I've been working on a tabletop RPG with my friend who has been a really wonderful supporter and really has been encouraging me to take up space. I realized how my trauma history has caused me to sublimate my desires and makes it harder for me to own what I want without fear, and how a lot of my depression is based on feeling like I have an inability to exert my own agency towards myself. If you have the energy and desire to take on a creative project that is yours and you can get to know yourself and your boundaries, that could help a lot.

Otherwise, lots of love.
posted by yueliang at 5:10 AM on October 12, 2018 [7 favorites]


For me, when I still had feelings like that and I was medicated and in therapy it meant that my medication wasn't effective enough. I would absolutely recommend talking to your psychiatrist about this. I was being treated for depression for a long time, but I didn't have depression, so depression treatments did not work for me. You might want to talk to them about doing some kind of differential diagnosis to make sure nothing else is going on.

I also joined a Planet Fitness and started prioritizing going to the gym every day. The change in the way that I feel in my body has been truly revelatory. It was not easy to start. But Planet Fitness in particular is a super low-key gym. It kind of takes you out of space and time when you enter. Strength training has done more for making me feel like I belong in my body and like my body belongs in the world than anything else in my life ever has. It has not necessarily done anything for my mood, but it makes my body feel like mine.
posted by sockermom at 5:25 AM on October 12, 2018 [7 favorites]
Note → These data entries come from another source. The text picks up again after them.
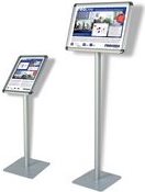 Steht immer richtig, informiert punktgenau! Mit den eleganten und praktischen Infodisplays übersieht keiner Ihrer Kunden Ihre Aushänge! Das Klapprahmenprofil sorgt für einfaches und schnelles Wechseln der Einlagen. Die Antireflex-Schutzfolie mit UV-Filter schützt die Inhalte.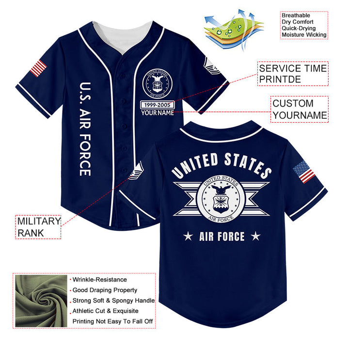 Custom Navy U.S Air Force Military Rank Veteran Name Baseball Jersey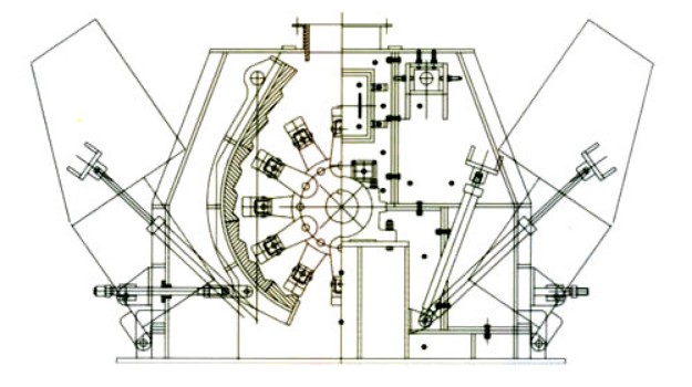 在PCXK可逆式防堵細碎機的中央布置有轉子,轉子帶動錘頭作高速圓周運動,對稱于轉子兩側有可調節的破碎齒板,破碎齒板可隨側蓋作開放性打開,特殊設計的齒板與錘頭的運動軌跡構成破碎腔,從進料口處落下的物料,首先被高速旋轉的錘頭擊向破碎齒板,隨即又被齒板反彈向向錘頭或其它破碎齒面,物料在破碎腔中如此來回跳動,并在運動過程中相互碰撞,被進一步擊破,達到設計粒度的物料從破碎機底部的出料口排出。出料粒度可由調節機構調整控制。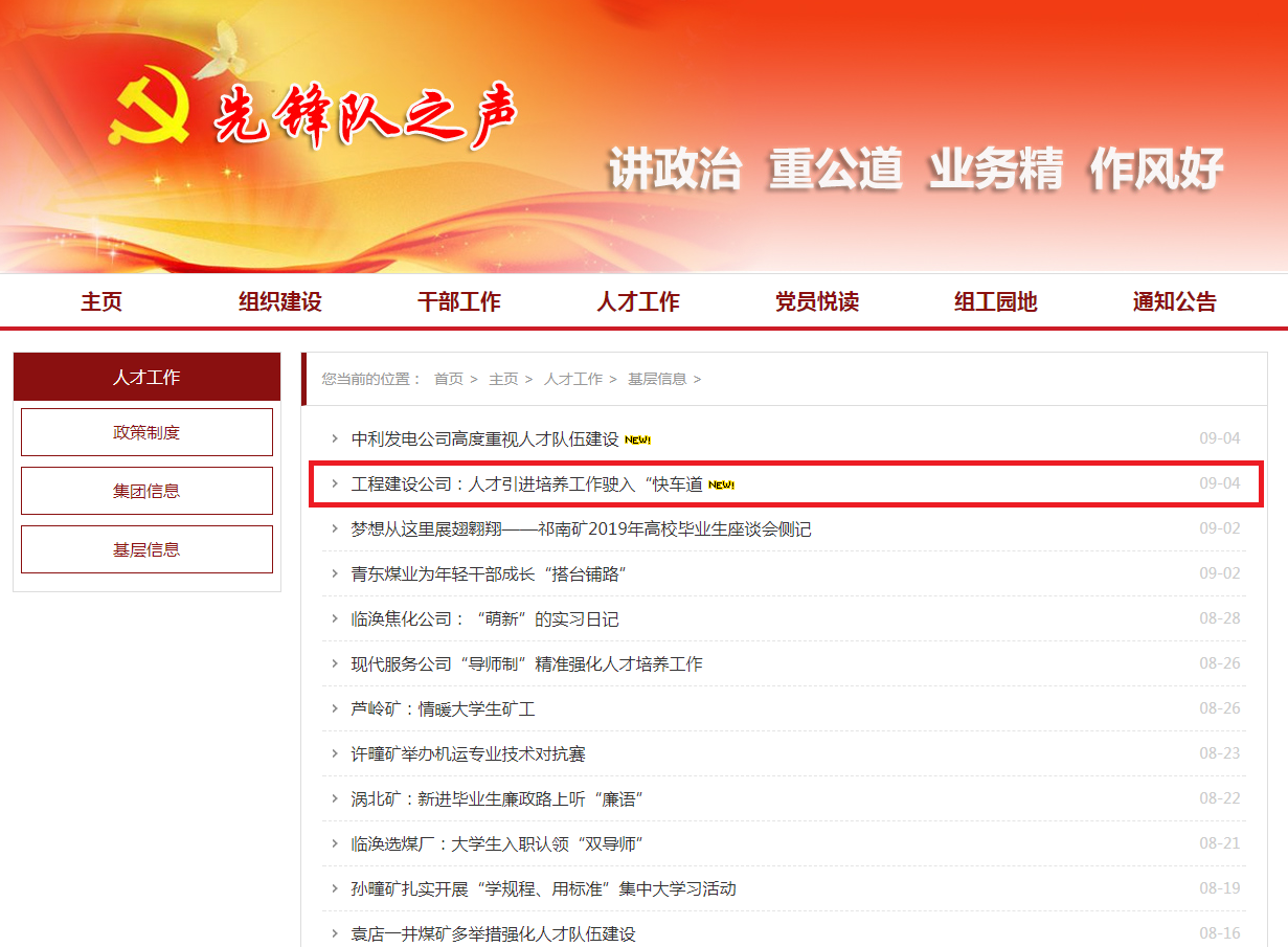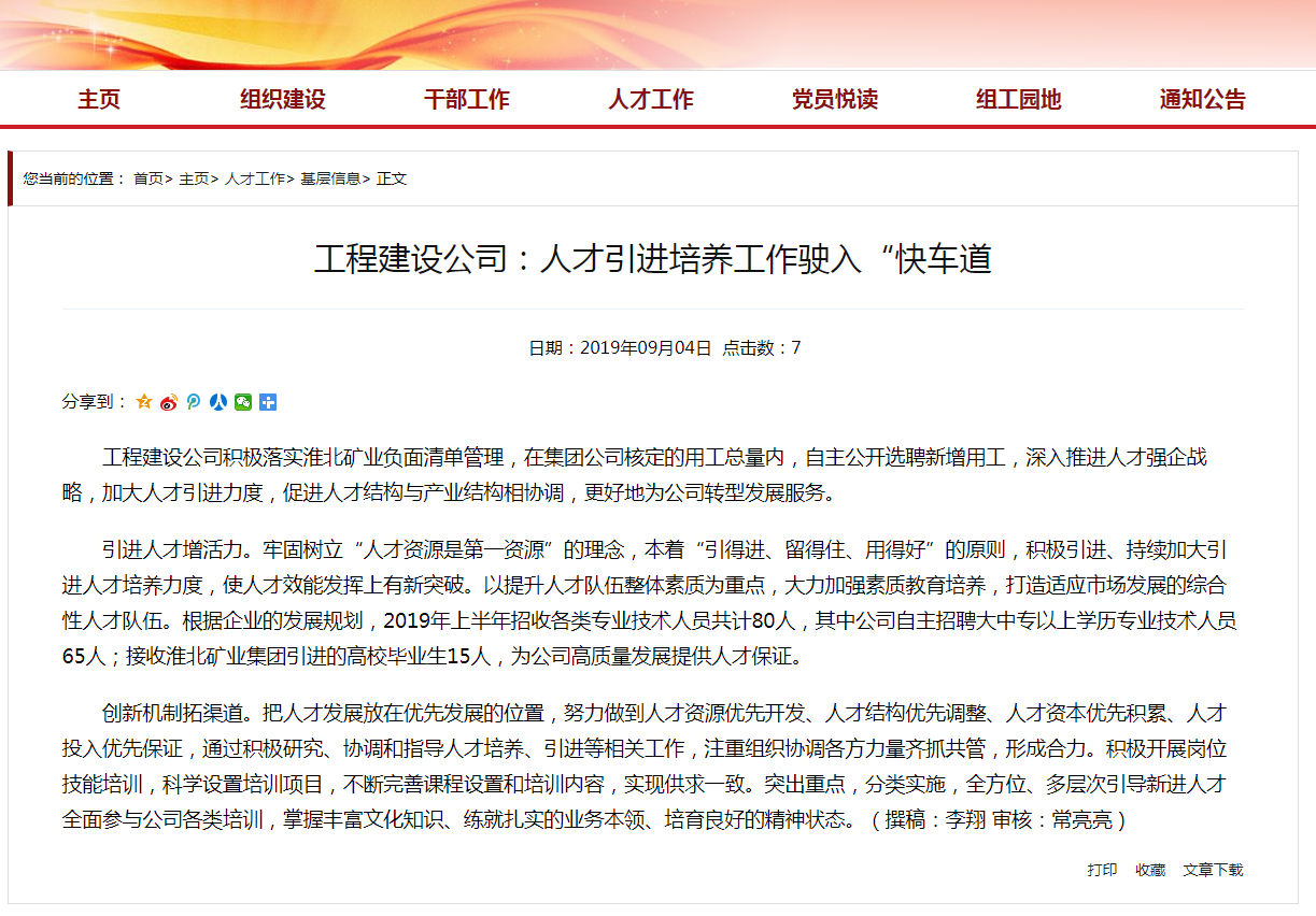 引進人才增活力。牢固樹立“人才資源是第一資源”的理念,本著“引得進、留得住、用得好”的原則,積極引進、持續加大引進人才培養力度,使人才效能發揮上有新突破。以提升人才隊伍整體素質為重點,大力加強素質教育培養,打造適應市場發展的綜合性人才隊伍。根據企業的發展規劃,2019年上半年招收各類專業技術人員共計80人,其中公司自主招聘大中專以上學歷專業技術人員65人;接收淮北礦業集團引進的高校畢業生15人,為公司高質量發展提供人才保證。

Volunteering somewhere like an animal shelter can help. Traveling somewhere, hiking, or doing anything generally that will change things up and take you out of your head.
posted by xammerboy at 6:08 AM on October 12, 2018


I have definitely dealt with feelings of worthlessness. My therapist gave me an exercise that has really been helping me. It was a sheet of personal traits that I narrowed down in a few steps to five things that I most valued in humans in general and also saw in myself. I literally have the initials of the five things I value in myself on a tiny piece of paper taped to the monitor I'm reading this on, so I can remind myself who I am and why I am valuable any time I need to. It helps so much.
posted by wellred at 6:18 AM on October 12, 2018 [12 favorites]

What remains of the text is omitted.